Simulating Ground-Motion Directivity Using Stochastic Empirical Green's Function Method

First, strong-motion recordings from an M-w 4.4 earthquake with symmetrical rupture were regarded as empirical Green's functions (EGFs) to simulate ground motions produced by the 2013 M-w 6.6 Lushan mainshock using the two-step stochastic EGF method proposed by Kohrs-Sansorny et al. (2005). In this simulation, the source of the Lushan mainshock was set to consist only of an asperity in the vicinity of the hypocenter, which was determined according to the statistical properties of asperity. The good agreement between the simulated ground motions and the observed recordings at short periods (< 2.0 s) validates this method. Furthermore, recordings from an M-w 4.5 earthquake with significant rupture directivity were used as EGFs to simulate ground motions of the Lushan mainshock.

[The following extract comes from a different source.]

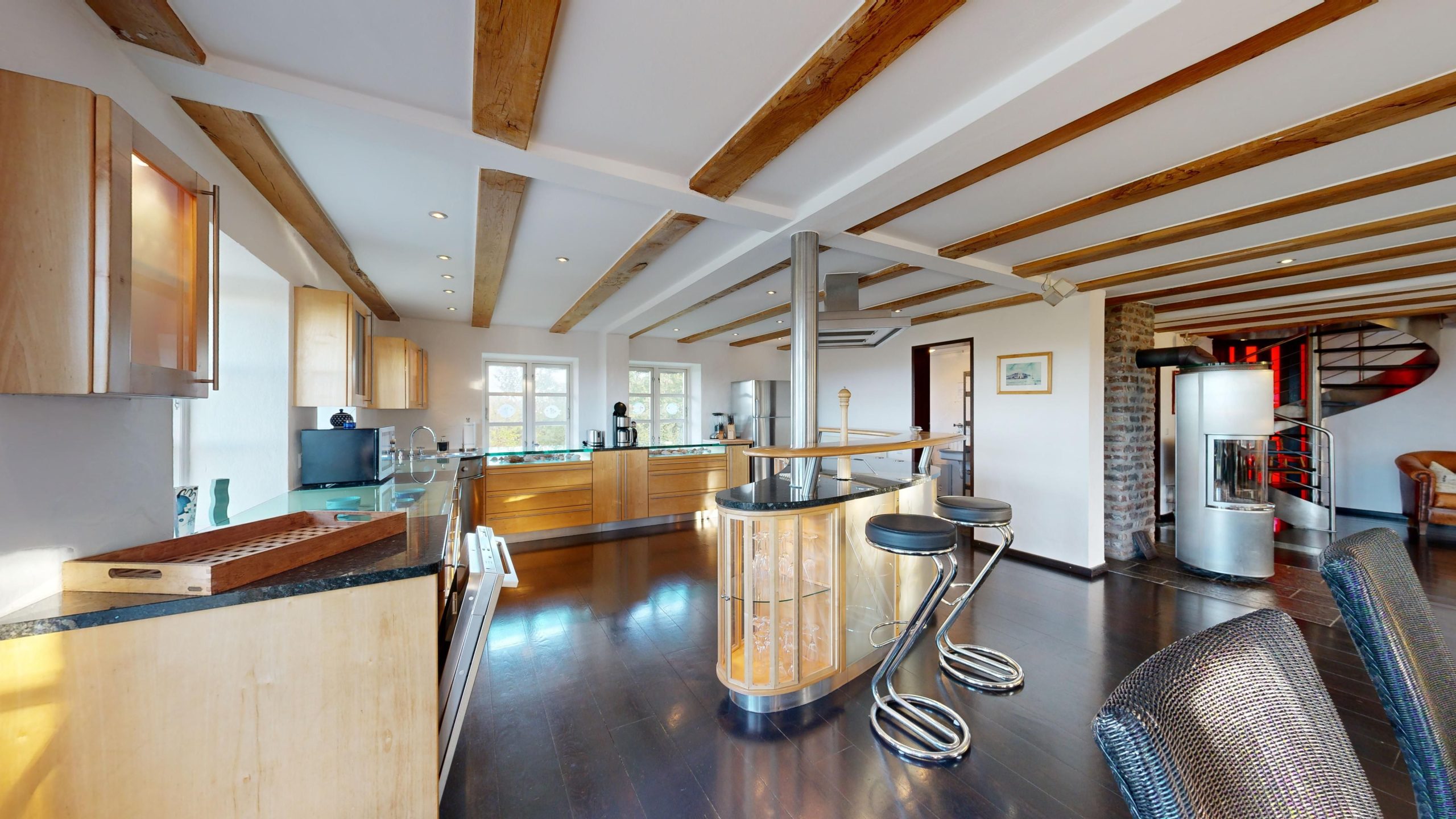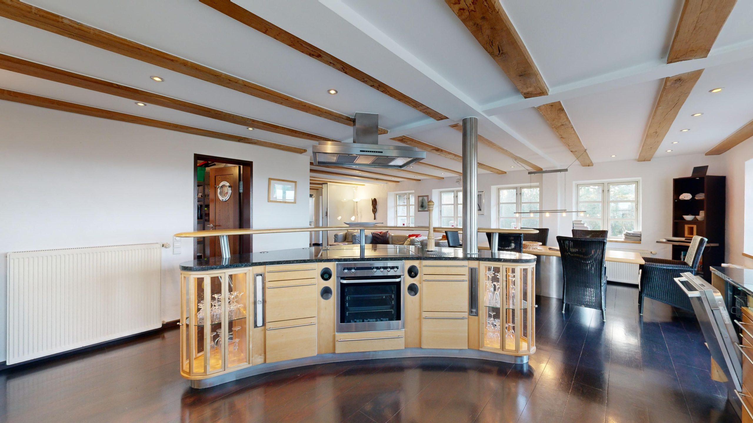 * Küche: Thekenartig (in Form eines Bummerangs) abgetrennter Küchenbereich mit modernster Ausstattung, wie Spülmaschine, Ceranfeld, Mikrowelle, Backofen,...
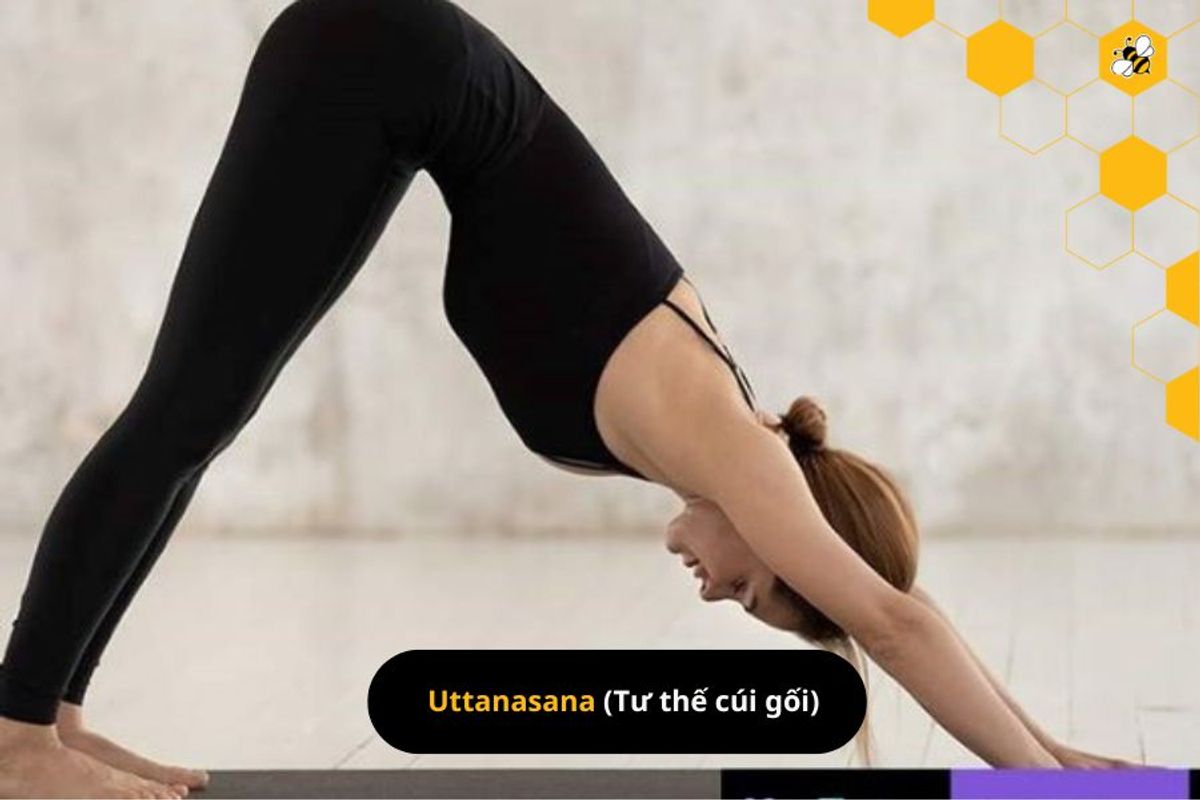 - Uttanasana (Tư thế cúi gối): Đứng thẳng, cúi xuống để tay chạm đến mặt đất hoặc chân. Tư thế này giúp giảm căng thẳng và tăng cường tuần hoàn máu.

The rupture directivity mainly exerts significant effects on the simulated short-period ground motions, which result in large discrepancies with the observed recordings. Simulated ground motions are much higher than the observed ones at directive stations, but lower at antidirective stations. More significant effects are observed at directive stations than antidirective stations. Using the azimuthal apparent corner frequency to consider the rupture directivity in the two-step stochastic EGF method, the good reproductions of the observed recordings are obtained at short periods, which indicates that the rupture directivity at short periods can be simulated well. Finally, ground motions from a series of Lushan-like earthquakes assuming various rupture directivities were simulated by adjusting the apparent corner frequency. The simulated ground motions show significant directivity effects. The two-step stochastic EGF method provides an effective approach to predicting ground motions for future earthquakes because far fewer source parameters are required.